Risk of bias summary for included trials (Cochrane RoB 2.0).
Risk of bias assessment (RoB 2.0 traffic-light plot).
Discussion
4
Summary of evidence
4.1
In this systematic review and meta-analysis, we synthesized evidence on instant-messaging–based interventions delivered through multiple platforms across six pre-specified outcome domains. Overall pooled effects were generally small to moderate and accompanied by substantial heterogeneity, indicating that a single global summary estimate provides limited explanatory value. To improve interpretability, we reorganized the evidence using a platform-sensitive and outcome-domain–structured approach.
At the platform level, the pooled “platform overview” of continuous outcomes (Figure 3) suggested variation in average effects across platforms. Telegram, LINE, and Facebook Messenger yielded positive pooled SMDs with confidence intervals that did not cross the null line, whereas WeChat showed a negative pooled estimate with a confidence interval crossing the null, and WhatsApp showed a small positive effect. Importantly, Figure 3 is intended as a descriptive overview that aggregates continuous outcomes across domains; it should be interpreted as illustrating broad patterns rather than substituting for domain-specific inferences.
At the outcome-domain level (Figure 2), behavioral outcomes showed the most consistent signals of benefit. Improvements were also observed for glycemic control and selected other clinical indicators in specific strata, whereas effects for attitudes/self-efficacy and other clinical outcomes were more heterogeneous and often did not reach statistical significance. For diabetes-related complications (binary outcomes), the pooled estimate suggested a potential reduction in risk; however, this finding was based on only three studies and remained imprecise, with the confidence interval approaching the null. Accordingly, complication results should be interpreted cautiously (see Supplementary material).
Across analyses, strata that combined highly heterogeneous intervention designs, mixed measurement constructs, or different outcome types tended to yield pooled effects close to zero with substantial between-study variability. Collectively, these findings suggest that observed effects are more likely driven by intervention design features and implementation context than by platform labels alone. Consistent with this interpretation, our exploratory meta-regression found no evidence that follow-up duration or study size explained meaningful variability in effect estimates, and overall explanatory power was low. These meta-regression analyses were exploratory and likely underpowered given the limited number of studies within strata; therefore, null moderator findings should be interpreted cautiously and not taken as evidence of no effect modification.
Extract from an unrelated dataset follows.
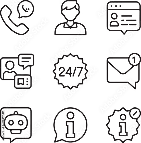 Call Center & Client Care Icons – Minimal Thin Line Support Vector Set

Methodological strengths and analytical approach
4.2
A core methodological contribution of this study is that we did not rely on a single global pooled estimate to judge the effectiveness of instant-messaging interventions. Instead, we adopted a platform-sensitive and outcome-domain–structured synthesis framework that organizes evidence in closer alignment with plausible clinical pathways and behavioral mechanisms. This approach is particularly relevant in digital health evidence synthesis, where platform labels, outcome constructs, and measurement instruments are often highly heterogeneous; under such conditions, global averages can obscure meaningful structural variation and limit implementation relevance.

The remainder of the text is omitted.